UBBFriend: Email This Page to Someone! next newest topic | next oldest topic
Author Topic:   College & Relationships...
Defily
Neophyte

Posts: 17
From: Iowa City, Iowa, USA
Registered: Nov 2000

posted 11-19-2000 01:37 PM     Click Here to See the Profile for Defily     Edit/Delete Message   Reply w/Quote
I'm only a sophomore in high school, and my boyfriend of a little under 8 months is only a junior in high school. But we ARE forced to start thinking of the future, because neither of us really have any doubts that we will still be together. I am a needy and jealous person. I could never ever ever ever ever ever ever be in a LDR. Never. My boyfriend is a needy and almost as jealous as me, person. He could never ever ever ever ever ever ever be in a LDR. Never. That said, college talk is been being brought up a lot, especially for him. He doesn't really know what his plans are. At the University of Iowa, which is in the town we live in, you only have to be in the top half of your class and have completed simple courses to get in. Jason is not sure if he will be in the top half, but he's guessing he will be. I, on the other hand, have a bit different of a goal. Berkeley, CA. That's where I want to be. It's a pretty selective school, but I'm thinking I could most likely get in. My parents are willing to pay, so that's not an issue, but his parents are not willing to pay for school, so money is a thing he has to worry about. Jason has told me that he would move for me. The thing is, we don't know what to do about college. Should he wait a year, to see what I end up doing, so he doesn't have to transfer? Or should he start at Iowa and hope I don't get in? Heh, or if he does not get into Iowa, should he go to a community college and then transfer to a different community college once we get to California. One thing, I don't want to stay in California. I don't want to raise a family there. I just want to go to school there. If I don't get into Berkeley, I have no problem going to Iowa. I just kinda want to see if I can do it. Oh well. No one can answer my question for me, but if anyone has any advice, I'd love to hear it.

------------------
j.e.a.n.n.i.e
Error: No Theme Available / Jeannie

IP: Logged

Miz Scarlet
Sexpert

Posts: 19846
From: Minneapolis
Registered: May 2000

posted 11-19-2000 01:51 PM     Click Here to See the Profile for Miz Scarlet     Edit/Delete Message   Reply w/Quote
You know, I had a lot of friends who made college choices around their relationships, and to be plain, not a single one who didn't regret it.
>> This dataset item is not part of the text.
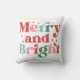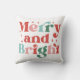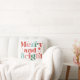 O texto do estilo retrô lê Feliz e Brilho neste travesseiro decorativo de Natal colorido.

College is for you, and it's a very big deal as a massive part of your life. Finding the right school to meet your needs and interests often isn't easy, especially if you have to pay for it yourself, because financial issues then also are an issue.

In general, my advice for sittuations like this is to look at the schools you are most interested in, period, and set aside your relationship issues when you do that. There are so many different options to make things work there's really no reason to limit yourself. If you are your partner are even still together then (voice of reality: it's pretty unlikely), you can work things long-distance, one of you can move and go to the same school or one nearby, you can agree for each of you to do two years where one of you wants to be, than the other two where the other does, and so forth.
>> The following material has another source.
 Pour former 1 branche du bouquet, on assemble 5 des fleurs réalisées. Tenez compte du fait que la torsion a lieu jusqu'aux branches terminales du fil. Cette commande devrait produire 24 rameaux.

But relationships are supposed to enhance your life and your goals, not drive or dictate them. It's a WHOLE lot easier to work a relationship around your life than it is to try and work your life around a relationship (and far healthier, I should add).

As an aside, I went to college within an hours drive of where I was living the year between high school and college, and as a side benefit, that meant my partner at the time could also see me basically all the time. It's a good thing I went where I wanted to go anyway, because within two months of starting school, our whole relationship fizzled out, which is pretty normal when you go to college, simply because even locally, it's a big life change.

IP: Logged

SoupPrincess
Activist

Posts: 47
From: Bloomington IL (the boringest place on earth)
Registered: Nov 2000

posted 11-19-2000 01:56 PM     Click Here to See the Profile for SoupPrincess     Edit/Delete Message   Reply w/Quote
I think Defilly said that her boyfriend is a Junior in High school, not in Jr. High, but Glitter is right, you dont need to be thinking that far in advance.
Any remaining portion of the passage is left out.